Paper review: < TCP Congestion Control with a Misbehaving Receiver [SCWA99] >

Reviewer: <Ryan Gehl>

  1. State the problem the paper is trying to solve.
  2. The purpose of this paper is to explore the impact that a misbehaving receiver can have on TCP congestion control.

  3. State the main contribution of the paper: solving a new problem, proposing a new algorithm, or presenting a new evaluation (analysis). If a new problem, why was the problem important? Is the problem still important today? Will the problem be important tomorrow?  If a new algorithm or new evaluation (analysis), what are the improvements over previous algorithms or evaluations? How do they come up with the new algorithm or evaluation? 
  4. The main contribution of this paper is to describe three potential attacks allowed by malicious receivers under the current TCP specification. In addition, the paper addresses a solution to these problems in which a receiver can only _reduce_ the data transfer rate by misbehaving, thereby eleminating the incentive to do so.

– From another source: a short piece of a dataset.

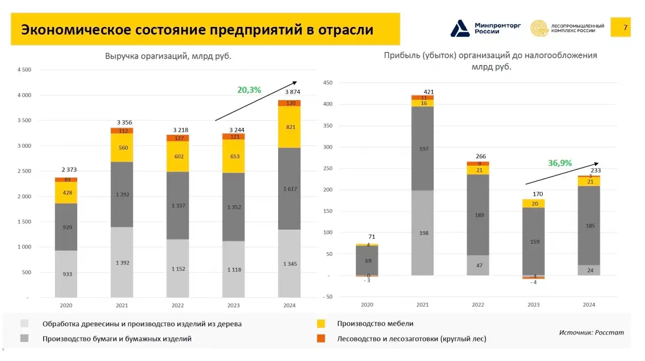С 2021 по 2024 год производство фанеры сократилось на 23%, пеллет — на 53%, пиломатериалов — на 11%. Экспортные поставки упали ещё значительнее: по фанере — на 44%, по пеллетам — на 75%, по пиломатериалам — на 29%.

  5. Summarize the (at most) 3 key main ideas (each in 1 sentence.) 
  6. (1) TCP is vulnerable to attacks by malicious receivers, three of which are: ACK division, DupACK spoofing, and optimistic ACKing.
    (2) With simple modifications to the TCP protocol that, without changing the nature of congestion control, allow the verification of what has historically been an implicit contract between the sender and the receiver.

  7. Critique the main contribution
  8. What lessons should researchers and builders take away from this work. What (if any) questions does this work leave open?

One lesson researchers should take away from this work is that a valuable method of research is to try to act as a "malicious user" and then fix the problems you were able to find as a result.